От откровенности его тона Стиву делается не по себе. Появляются в голосе Баки нотки, которые он слышал очень редко, и всякий раз не понимал, к чему именно их отнести.
- Что ты предлагаешь? – Стив наконец поднимает взгляд и натыкается на ответный – тёплый и мягкий, как шоколад. И полный сияния уже совсем другого.
- Я приведу девушку. Она разденется. Ты её нарисуешь.
- Кто же заставит её раздеться? Моя потрясающая квартира? Мои несуществующие деньги?
- Твой талант. – Баки засовывает руки в карманы и принимается раскачиваться на носках, он всегда так делает, когда чем-то воодушевлён. – И я умею убедительно просить, когда нужно.
Стив усмехается, но во рту делается горько.
Иллюзия сразу разрушается в пыль. Девушка, которую Баки осторожно придерживает за спину, словно опасаясь, что та упадёт и разобьётся, полна деликатности и какого-то сбивающего с толку спокойствия. Она медленно оглядывает стены, увешанные плакатами и рисунками, захламленный стол, на котором вперемешку валяются карандаши и уголь, и чёрным испачкано буквально всё. Её взгляд на короткое время останавливается на деталях, фиксируя их, и спокойно плывёт дальше.
На ней зелёное платье в горошек с коротким рукавом, на руках тонкие кружевные перчатки, пальцы сжимают крохотную сумочку – что вообще может уместиться туда? Её волосы уложены аккуратно и тщательно, а на губах красная помада, но не яркая, одним слоем, если не его половиной. В каждом её движении Стиву видится оценивание. В каждом её жесте – одобрение. Он расслабляется и расправляет плечи.
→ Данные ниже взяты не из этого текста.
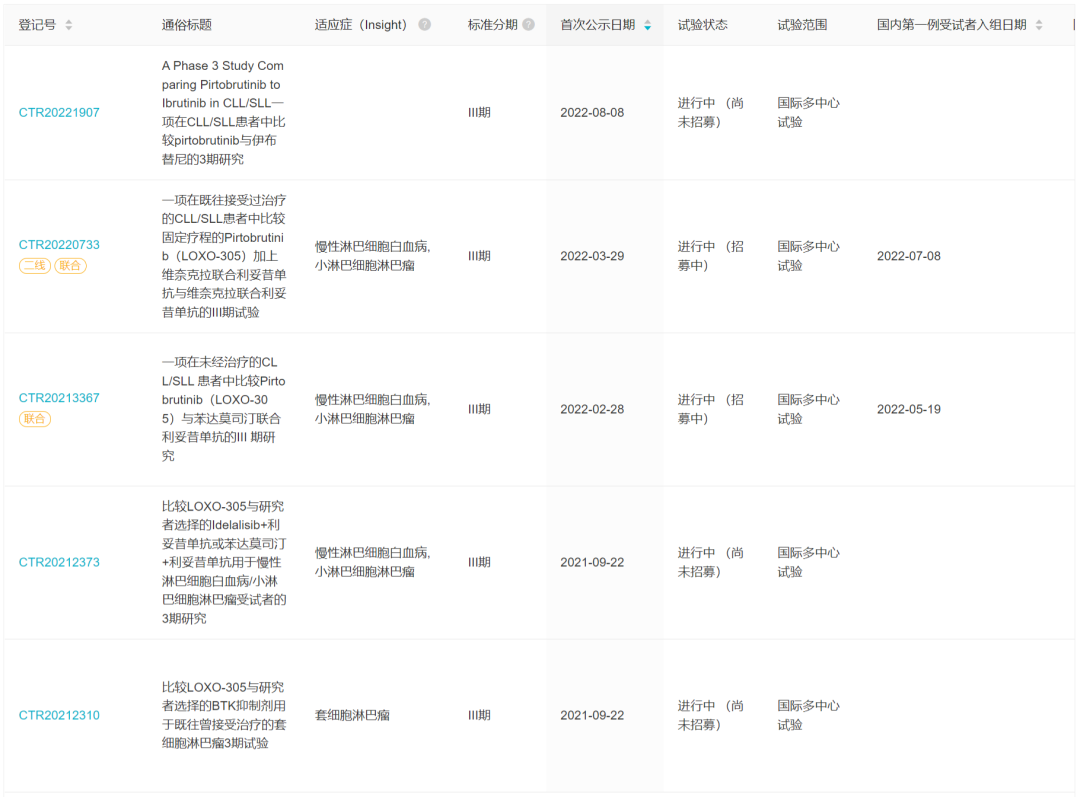 8 月 8 日,据 Insight 数据库显示,礼来在中国启动了新一代 BTK 抑制剂 LOXO-305(Pirtobrutinib,吡托布鲁替尼)头对头伊布替尼治疗慢性淋巴细胞白血病/小淋巴细胞淋巴瘤(CLL/SLL)的 III 期开放标签、随机临床研究(登记号:CTR20221907)。这是全球多中心 III 期临床 BRUIN-CLL-314 研究的中国部分。

- Это Мэгги, - говорит Баки, всё так же придерживая её. – В следующем году она хочет поступать на факультет живописи.
Глаза у неё яркие и зелёные, смотрят прямо и уверенно.
- Стив, - говорит Стив, чувствуя себя глупо. У него не потеют ладони, дыхание не задерживается, ему спокойно и ровно. Ничего странного в этом нет.
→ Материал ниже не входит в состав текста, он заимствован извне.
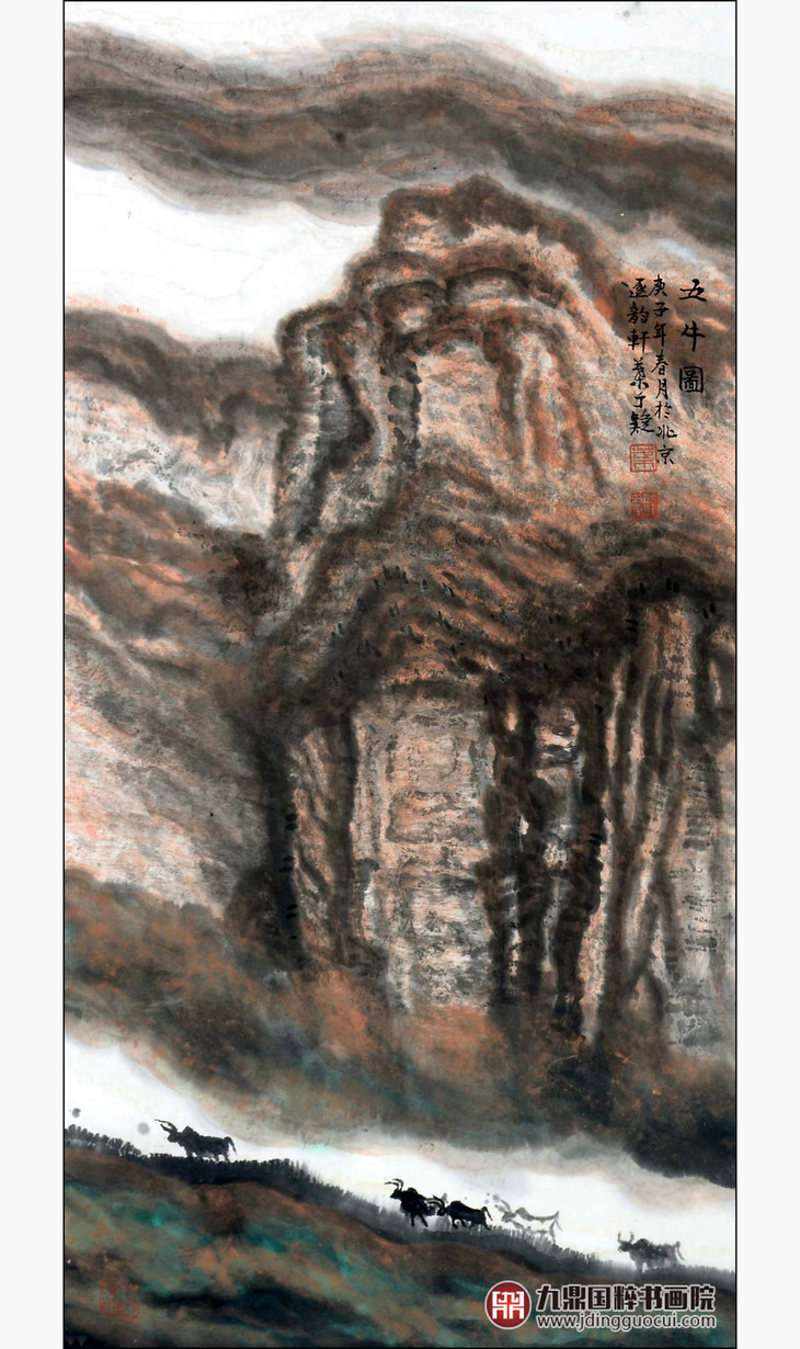 叶丁疑《五牛图》68*138cm 山水竖幅作品 玄关/办公室挂画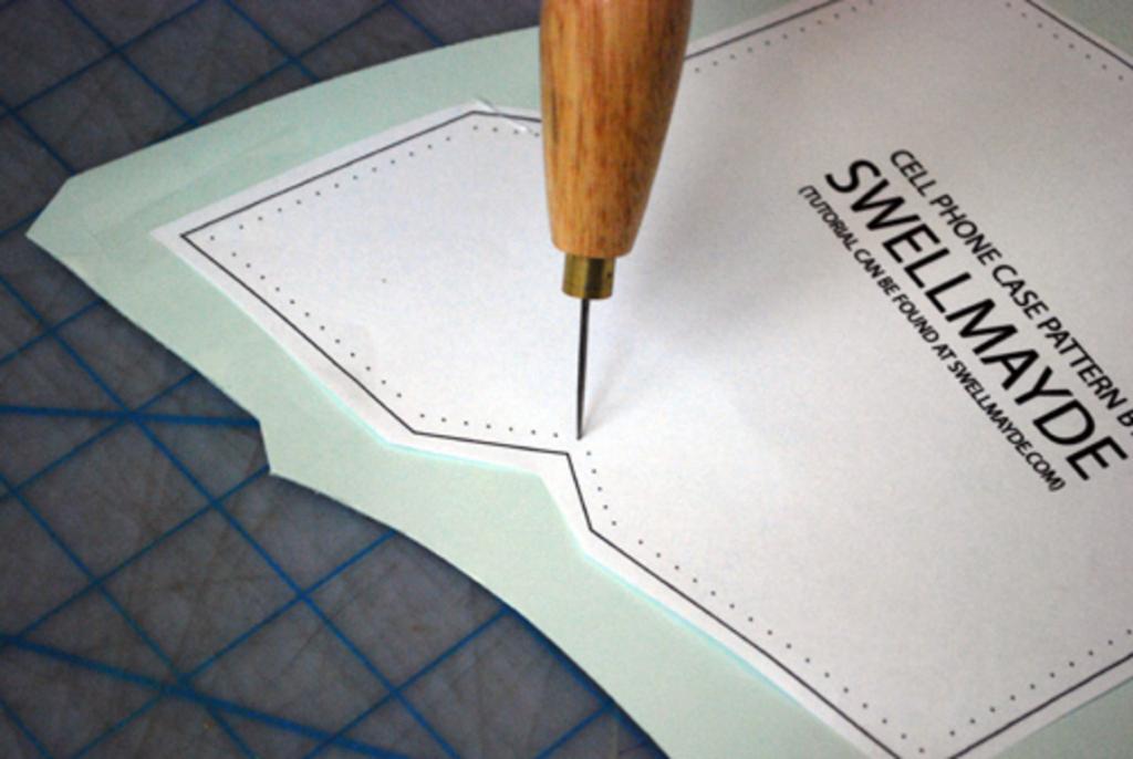 Для большей надежности изделия, склеенные боковые стороны необходимо еще и сжить. Чтобы стежки были ровными, используйте линейку и шило. Приложите линейку к боковой стороне, отступив от края не более 3 мм. Сделайте шилом отверстия в коже через каждые два деления, начиная от верха чехла.

Глаза Мэгги чуть сверкают.
- Я знаю. Мне нравятся твои рисунки. Джеймс показывал некоторые.
Баки за её спиной поднимает руки в жесте извинения и «я тут ни при чём, помочь хотел». Но Стив не злится. Ему непривычнее слышать это – «Джеймс» - чем знать, что друг старался помочь.
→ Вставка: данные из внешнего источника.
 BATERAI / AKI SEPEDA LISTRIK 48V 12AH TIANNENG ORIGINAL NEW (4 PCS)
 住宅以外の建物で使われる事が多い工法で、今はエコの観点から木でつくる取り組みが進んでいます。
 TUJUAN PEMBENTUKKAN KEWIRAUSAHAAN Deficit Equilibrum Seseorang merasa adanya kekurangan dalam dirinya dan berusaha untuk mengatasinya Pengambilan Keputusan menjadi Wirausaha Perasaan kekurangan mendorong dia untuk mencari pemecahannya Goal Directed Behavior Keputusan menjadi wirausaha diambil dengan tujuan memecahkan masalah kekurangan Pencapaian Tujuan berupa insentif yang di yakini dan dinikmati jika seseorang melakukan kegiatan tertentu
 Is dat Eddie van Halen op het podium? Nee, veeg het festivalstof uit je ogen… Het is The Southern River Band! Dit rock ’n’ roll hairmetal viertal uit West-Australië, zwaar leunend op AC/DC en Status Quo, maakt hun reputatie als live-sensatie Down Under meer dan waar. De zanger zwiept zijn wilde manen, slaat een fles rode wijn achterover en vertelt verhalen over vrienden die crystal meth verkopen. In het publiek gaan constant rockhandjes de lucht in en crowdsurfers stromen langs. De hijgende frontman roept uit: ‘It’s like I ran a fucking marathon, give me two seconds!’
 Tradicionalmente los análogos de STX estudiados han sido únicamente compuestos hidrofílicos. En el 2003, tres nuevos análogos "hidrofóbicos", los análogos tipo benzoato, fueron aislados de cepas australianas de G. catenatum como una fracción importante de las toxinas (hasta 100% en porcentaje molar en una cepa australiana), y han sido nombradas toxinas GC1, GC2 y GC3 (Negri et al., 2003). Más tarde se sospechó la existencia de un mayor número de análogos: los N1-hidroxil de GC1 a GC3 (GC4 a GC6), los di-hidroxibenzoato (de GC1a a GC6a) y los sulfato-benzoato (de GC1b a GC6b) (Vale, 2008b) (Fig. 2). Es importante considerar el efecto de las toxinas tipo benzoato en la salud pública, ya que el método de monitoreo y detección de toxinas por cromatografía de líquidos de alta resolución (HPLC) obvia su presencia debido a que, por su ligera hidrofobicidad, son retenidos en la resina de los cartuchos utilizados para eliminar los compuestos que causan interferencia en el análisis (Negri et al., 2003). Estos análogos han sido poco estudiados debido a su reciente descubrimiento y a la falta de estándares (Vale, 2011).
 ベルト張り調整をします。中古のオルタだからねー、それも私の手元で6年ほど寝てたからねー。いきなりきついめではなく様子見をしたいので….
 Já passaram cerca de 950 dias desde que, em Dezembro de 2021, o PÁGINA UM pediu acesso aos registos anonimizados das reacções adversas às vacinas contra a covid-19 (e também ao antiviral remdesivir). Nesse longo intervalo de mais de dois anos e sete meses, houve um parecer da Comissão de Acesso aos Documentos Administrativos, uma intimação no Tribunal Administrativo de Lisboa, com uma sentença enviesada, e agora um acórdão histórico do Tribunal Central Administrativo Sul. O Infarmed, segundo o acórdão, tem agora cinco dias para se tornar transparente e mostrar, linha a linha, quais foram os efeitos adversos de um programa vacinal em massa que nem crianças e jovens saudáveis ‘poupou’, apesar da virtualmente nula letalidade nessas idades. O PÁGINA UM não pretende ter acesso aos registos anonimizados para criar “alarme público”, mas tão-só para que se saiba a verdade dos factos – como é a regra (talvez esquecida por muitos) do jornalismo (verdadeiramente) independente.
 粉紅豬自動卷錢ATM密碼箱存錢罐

- Позволите? – Мэгги расчищает шаткий стул, аккуратно перекладывая с него альбомы себе в руки, так со стопкой и садится, на запястье болтается сумочка. Спина прямая, а взгляд коротко останавливается на каждом корешке. – Очень, очень внушительно.
- Спасибо, - коротко говорит Стив.
Баки закатывает глаза.
- Мы так далеко не уедем. Мэгги, Стив хочет тебя нарисовать без одежды. Стив, Мэгги согласна.
Стив смотрит на неё, но она только пожимает плечами. Её пальцы так впиваются в альбомы, словно в них сокровище, не меньше.
- Пожалуй.
- О, - только и отвечает Стив.
Баки хлопает его по плечу и, задерживая ладонь, сжимает.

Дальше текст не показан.